Across the whole listing, return each line exactly, with no images included.
SOURCE MATERIAL below:
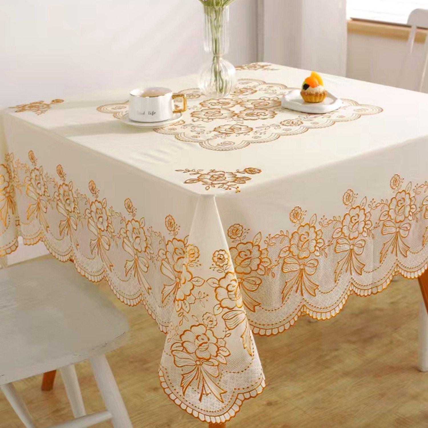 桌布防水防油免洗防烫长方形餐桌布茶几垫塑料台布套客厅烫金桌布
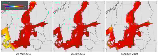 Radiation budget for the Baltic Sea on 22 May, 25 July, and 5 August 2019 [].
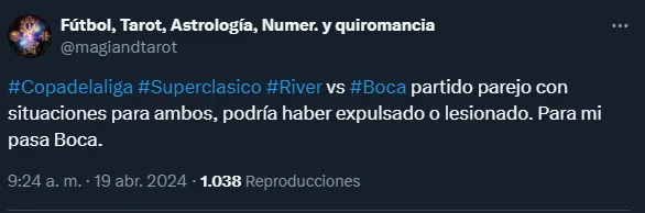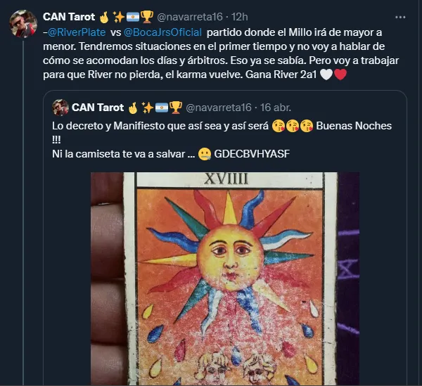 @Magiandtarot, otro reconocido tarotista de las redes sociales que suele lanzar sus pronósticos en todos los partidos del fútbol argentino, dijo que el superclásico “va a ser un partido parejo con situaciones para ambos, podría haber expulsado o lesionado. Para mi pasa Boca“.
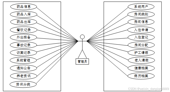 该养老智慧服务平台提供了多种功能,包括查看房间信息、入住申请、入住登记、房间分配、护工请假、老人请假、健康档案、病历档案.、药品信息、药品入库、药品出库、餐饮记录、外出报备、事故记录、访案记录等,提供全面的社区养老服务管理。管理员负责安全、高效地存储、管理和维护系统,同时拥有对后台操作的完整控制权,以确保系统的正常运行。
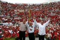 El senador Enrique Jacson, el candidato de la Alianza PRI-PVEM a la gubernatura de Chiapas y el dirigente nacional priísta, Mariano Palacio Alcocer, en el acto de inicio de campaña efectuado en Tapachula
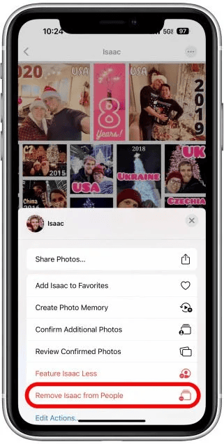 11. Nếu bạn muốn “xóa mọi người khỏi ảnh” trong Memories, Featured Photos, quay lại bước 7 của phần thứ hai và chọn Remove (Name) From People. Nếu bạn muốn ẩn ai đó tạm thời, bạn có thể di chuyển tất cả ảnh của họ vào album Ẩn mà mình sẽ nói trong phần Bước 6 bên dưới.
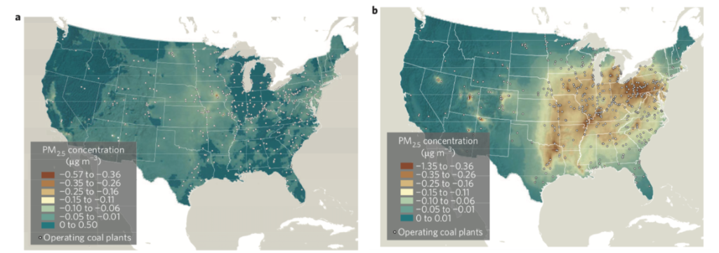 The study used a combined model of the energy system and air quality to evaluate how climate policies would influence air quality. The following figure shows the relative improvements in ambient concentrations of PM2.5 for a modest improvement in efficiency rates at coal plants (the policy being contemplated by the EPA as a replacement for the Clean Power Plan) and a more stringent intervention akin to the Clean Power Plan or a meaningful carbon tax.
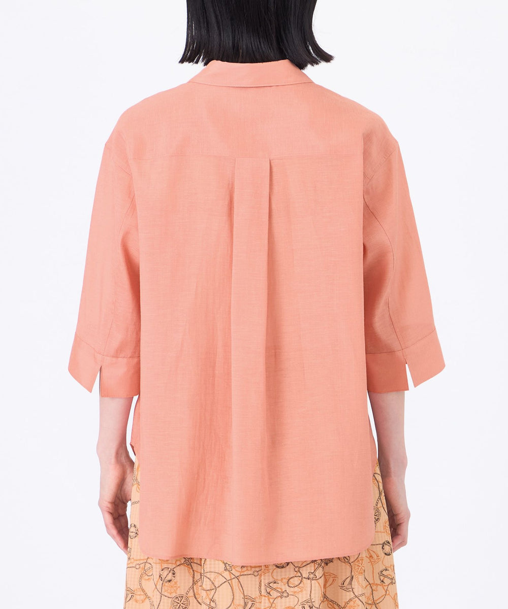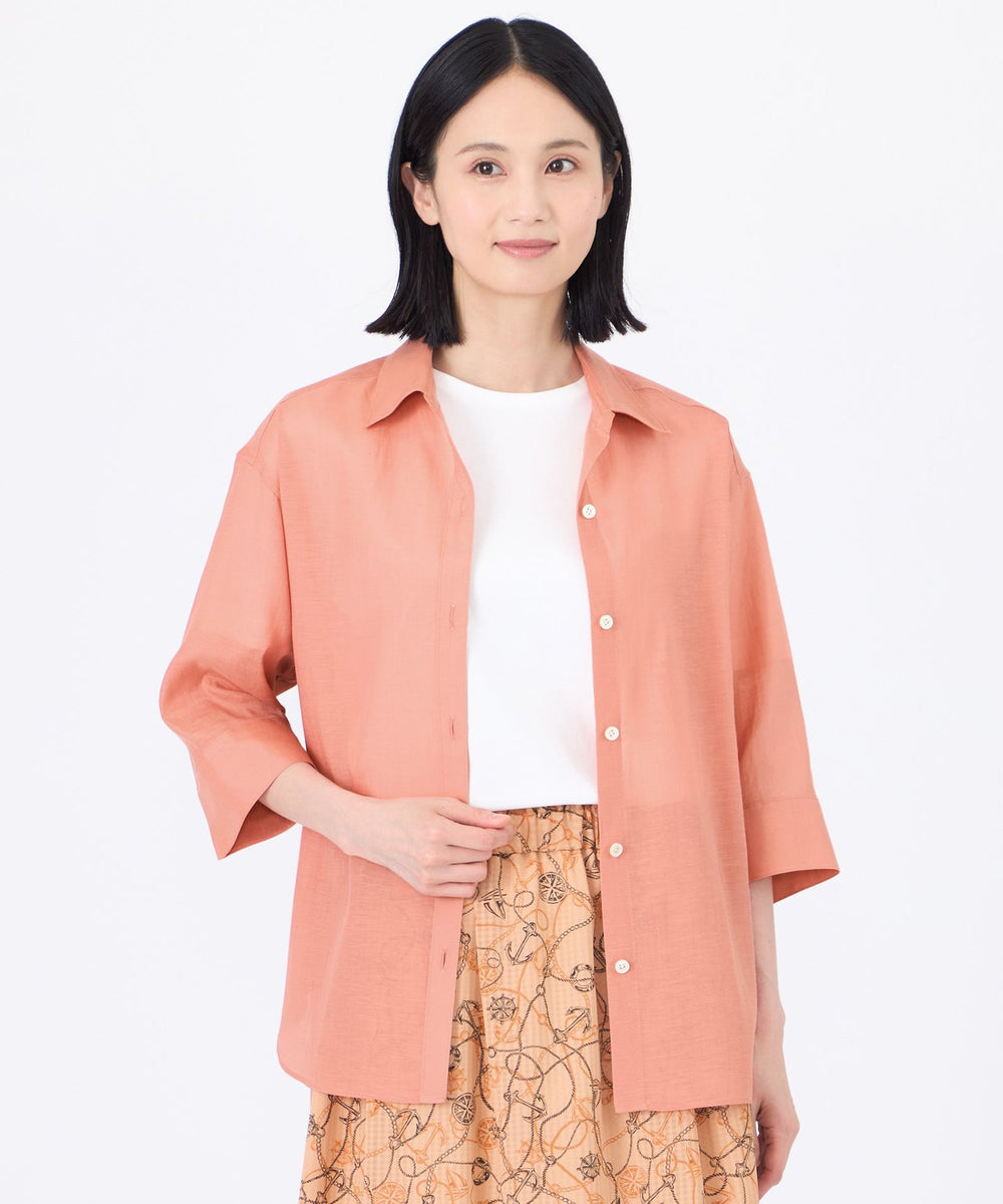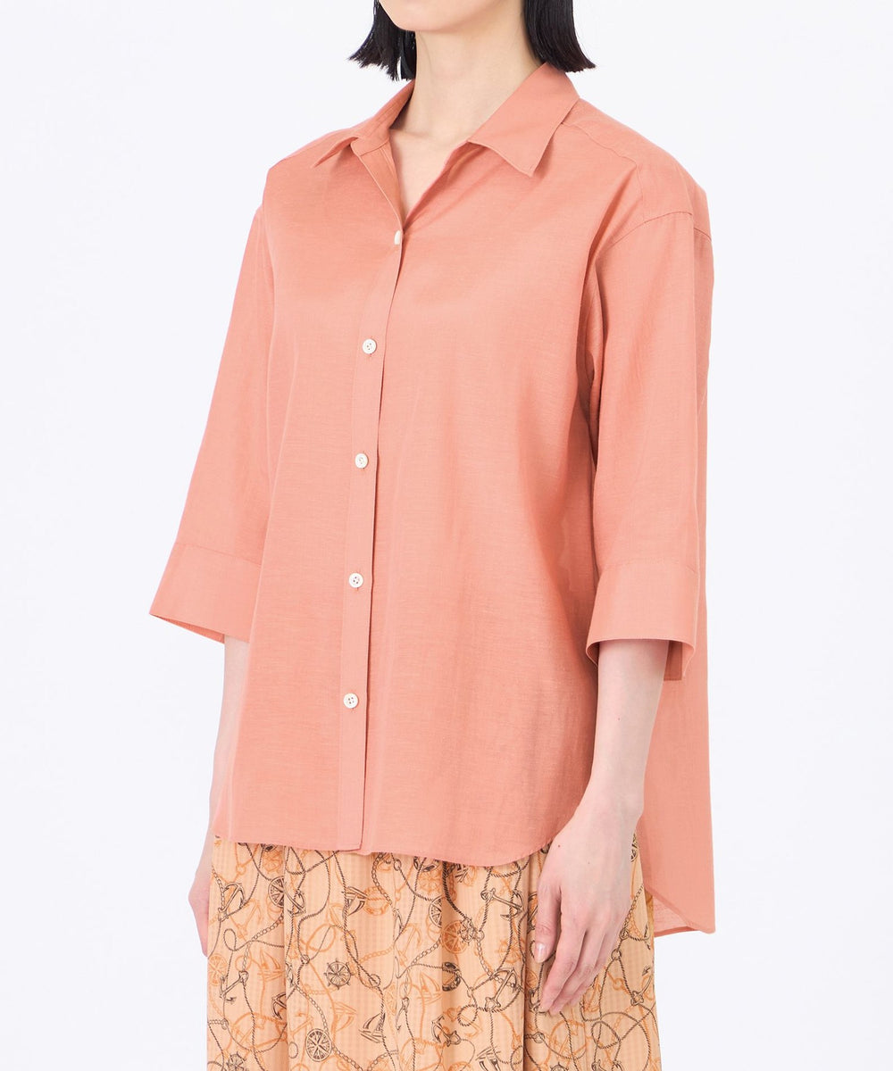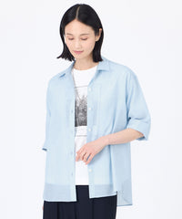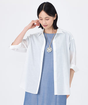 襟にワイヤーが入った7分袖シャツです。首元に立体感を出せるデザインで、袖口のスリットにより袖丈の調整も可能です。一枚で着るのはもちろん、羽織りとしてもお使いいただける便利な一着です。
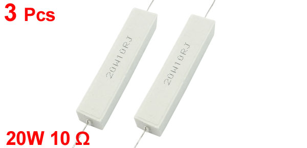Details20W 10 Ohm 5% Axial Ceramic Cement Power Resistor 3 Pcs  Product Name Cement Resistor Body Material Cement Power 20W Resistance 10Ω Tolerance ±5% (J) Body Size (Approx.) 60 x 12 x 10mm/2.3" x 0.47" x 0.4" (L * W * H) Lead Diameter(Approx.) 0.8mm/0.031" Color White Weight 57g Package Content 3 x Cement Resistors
End of SOURCE MATERIAL.
**ANSWER SPACE**:
 桌布防水防油免洗防烫长方形餐桌布茶几垫塑料台布套客厅烫金桌布
 Radiation budget for the Baltic Sea on 22 May, 25 July, and 5 August 2019 [].
 @Magiandtarot, otro reconocido tarotista de las redes sociales que suele lanzar sus pronósticos en todos los partidos del fútbol argentino, dijo que el superclásico “va a ser un partido parejo con situaciones para ambos, podría haber expulsado o lesionado. Para mi pasa Boca“.
 该养老智慧服务平台提供了多种功能,包括查看房间信息、入住申请、入住登记、房间分配、护工请假、老人请假、健康档案、病历档案.、药品信息、药品入库、药品出库、餐饮记录、外出报备、事故记录、访案记录等,提供全面的社区养老服务管理。管理员负责安全、高效地存储、管理和维护系统,同时拥有对后台操作的完整控制权,以确保系统的正常运行。
 El senador Enrique Jacson, el candidato de la Alianza PRI-PVEM a la gubernatura de Chiapas y el dirigente nacional priísta, Mariano Palacio Alcocer, en el acto de inicio de campaña efectuado en Tapachula
 11. Nếu bạn muốn “xóa mọi người khỏi ảnh” trong Memories, Featured Photos, quay lại bước 7 của phần thứ hai và chọn Remove (Name) From People. Nếu bạn muốn ẩn ai đó tạm thời, bạn có thể di chuyển tất cả ảnh của họ vào album Ẩn mà mình sẽ nói trong phần Bước 6 bên dưới.
 The study used a combined model of the energy system and air quality to evaluate how climate policies would influence air quality. The following figure shows the relative improvements in ambient concentrations of PM2.5 for a modest improvement in efficiency rates at coal plants (the policy being contemplated by the EPA as a replacement for the Clean Power Plan) and a more stringent intervention akin to the Clean Power Plan or a meaningful carbon tax.
 襟にワイヤーが入った7分袖シャツです。首元に立体感を出せるデザインで、袖口のスリットにより袖丈の調整も可能です。一枚で着るのはもちろん、羽織りとしてもお使いいただける便利な一着です。
Details20W 10 Ohm 5% Axial Ceramic Cement Power Resistor 3 Pcs  Product Name Cement Resistor Body Material Cement Power 20W Resistance 10Ω Tolerance ±5% (J) Body Size (Approx.) 60 x 12 x 10mm/2.3" x 0.47" x 0.4" (L * W * H) Lead Diameter(Approx.) 0.8mm/0.031" Color White Weight 57g Package Content 3 x Cement Resistors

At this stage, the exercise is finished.